▸ **Work instructions**
Extract, in full, the lines below, beginning at the first and ending with the line that contains "Woman reporter holding". Pictures do not belong in the copy.

+++ Given entries

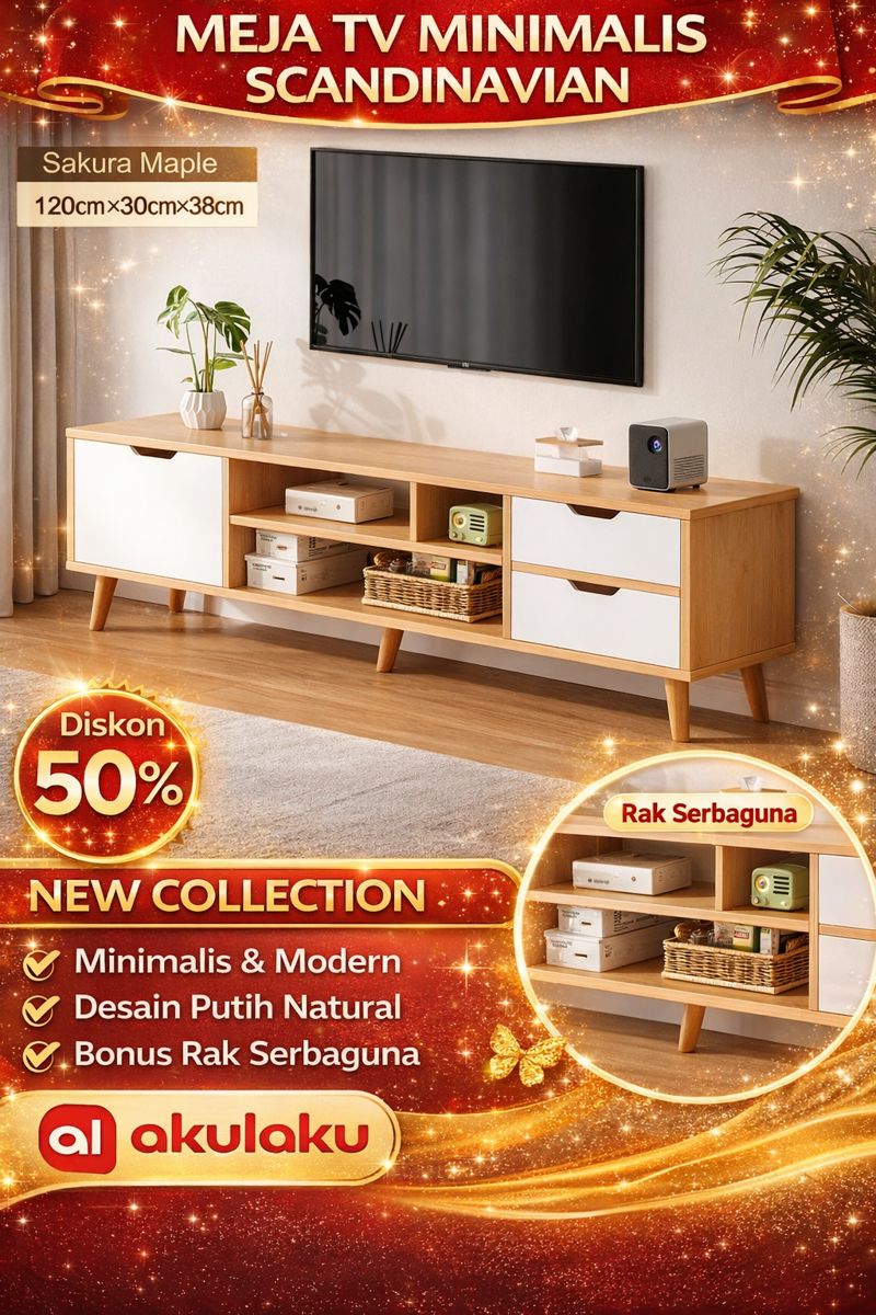 [Star] Meja TV Minimalis Scandinavian Kayu | Rak TV Modern Ruang Tamu | Lemari TV Multifungsi
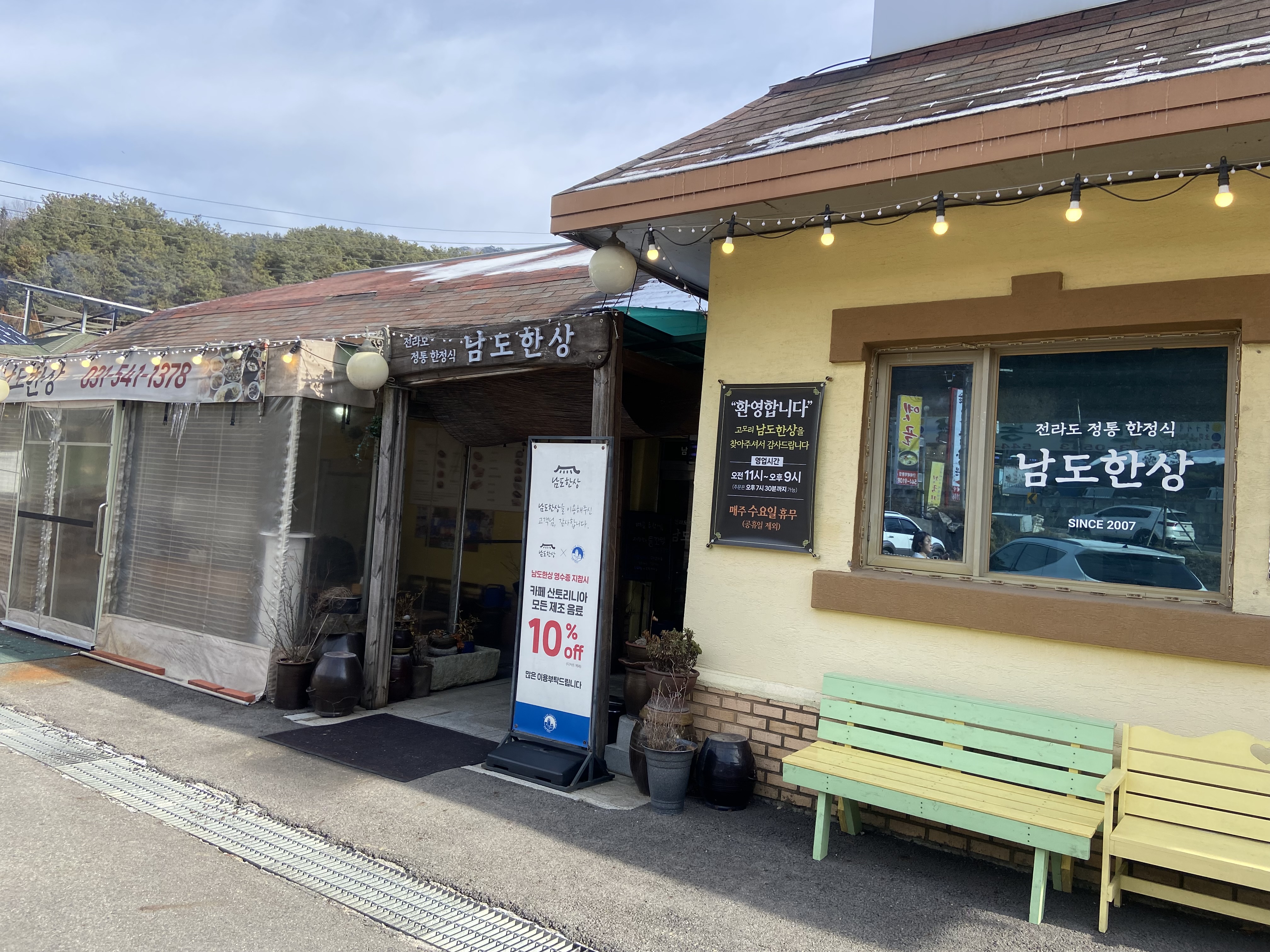 남도한상 식당 외부와 주차장
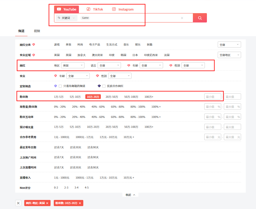 示例:若广告主想要找美国地区,粉丝数为10-20万之间的YouTube游戏类网红。那么可以在Youtube搜索栏中搜索“GAME”,并配合网红地区、粉丝数筛选项查看所有相关网红频道。
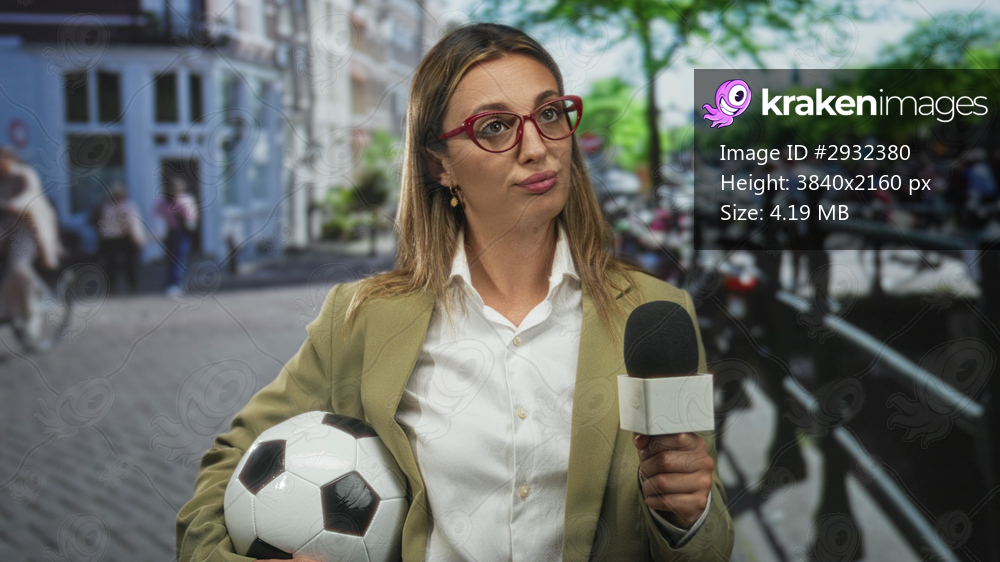 Woman reporter holding microphone and soccer ball on a city street, raised eyebrow gesture; media skepticism.
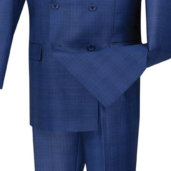 Regular Fit Double Breasted Glen Plaid 2 Piece Suit (Blue) DRW-1
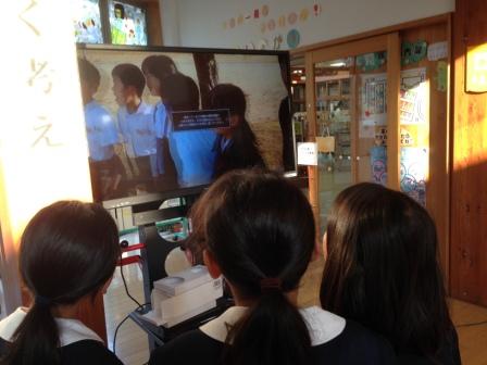 2つの学校の取組を,DVDにして,朝の玄関で流したところ,
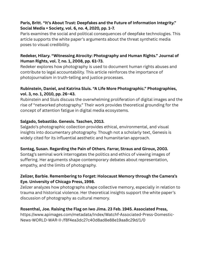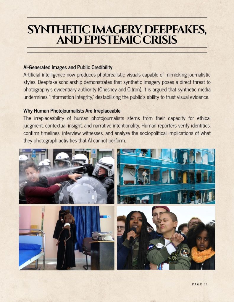 Artificial intelligence now produces photorealistic visuals capable of mimicking journalistic styles. Deepfake scholarship demonstrates that synthetic imagery poses a direct threat to photography’s evidentiary authority (Chesney and Citron). It is argued that synthetic media undermines “information integrity,” destabilizing the public’s ability to trust visual evidence.
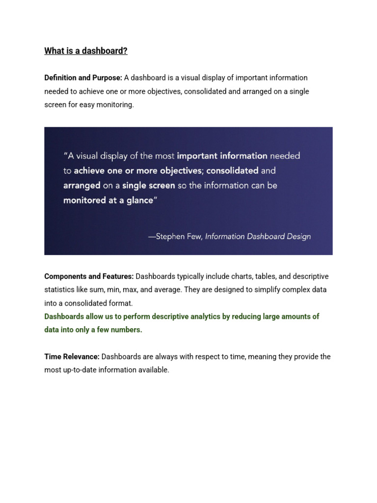 Definition and Purpose: A dashboard is a visual display of important information

++++++

▸ **Solution for this task**
 [Star] Meja TV Minimalis Scandinavian Kayu | Rak TV Modern Ruang Tamu | Lemari TV Multifungsi
 남도한상 식당 외부와 주차장
 示例:若广告主想要找美国地区,粉丝数为10-20万之间的YouTube游戏类网红。那么可以在Youtube搜索栏中搜索“GAME”,并配合网红地区、粉丝数筛选项查看所有相关网红频道。
 Woman reporter holding microphone and soccer ball on a city street, raised eyebrow gesture; media skepticism.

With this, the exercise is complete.